TOP5, liga II
Kolorowo dziś:)
Jeśli ktokolwiek miałby bronić dostępu do Waszej bramki, to w drugiej kolejce bez wątpienia to wyróżnienie musiałoby powędrować do Piotrka Biełasza. Golkiper Mają Rozmach pokazał, że bramkarskie rzemiosło nie jest mu obce. „Kocisko” tak jego występ skwitował koordynator. Kilka znakomitych interwencji, które utrzymały przy życiu jego ekipę a ta, na chwilę przed końcową syreną… creme de la creme, palce lizać ! Dzięki temu Mają Rozmach odnoszą drugie zwycięstwo w sezonie – w pierwszej kolejce strzelili prawie równo z końcową syreną a teraz, dzięki „Pjoterowi” dopisali trzy oczka do ligowej tabeli.

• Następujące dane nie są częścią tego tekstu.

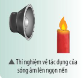 Vận dụng: Mô tả hiện tượng xảy ra với ngọn nến trong thí nghiệm dưới đây khi người ta bật loa phát nhạc (với âm lượng vừa). Giải thích hiện tượng.

Rainter po spadku do II ligi nie błyszczy, ale w meczu z Grubassami znalazł się jeden as w ich talii a mowa tu o Pawle Zimnochu. Dobre ustawianie w defensywie, asysta oraz dwa gole w tym decydujący w 30 minucie spotkania nie pozostawiły wątpliwości co do słuszności wyboru koordynatora.
Pierwszym „skrzydłowym” w naszym zestawieniu będzie Kamil Horodeński. Gracz Unibepu w meczu przeciwko Progressowi – swojej byłej drużynie mądrze dyrygował ekipą z Bielska Podlaskiego. Gdy w 21 minucie FC Progress strzelił bramkę kontaktową – Kamil postanowił wziąć sprawy w swoje nogi i cztery minuty później zdobył gola, który ostatecznie zamknął to spotkanie.
Czasami trzeba zrobić krok w tył, by później… zrobić z pięć do przodu. Dawid Kosowski pomimo kilku propozycji z I ligi postanowił odbudować formę i morale po nieudanym sezonie orlikowym w II-ligowym Osmarze i ten ruch okazał się strzałem w dziesiątkę. Już Superpuchar dawał sygnały tego, że Dawid ewidentnie jest w gazie, ale pięć strzelonych bramek w meczu przeciwko Walecznym Orłom ( w tym cztery w niecałe cztery minuty) mówią same za siebie. Powtórzmy – pięć goli w jednym meczu, w tym cztery w niecałe cztery minuty… Chapeau bas Panie Dawidzie.
A na szpicy Patryk Błaszko z FC Bajaga. W zaciętym meczu z Ramisem był motorem napędowym swojej drużyny raz po raz siejąc spustoszenie w szykach defensywnych swoich rywali. To właśnie jego przebojowość sprawiała tyle kłopotów Ramisowi, który często musiał uciekać się do fauli, by zatrzymać Patryka. Zawodnik Bajagi strzelił w tym spotkaniu pierwszego gola, ale był zdecydowanie najjaśniejszym punktem swojego zespołu.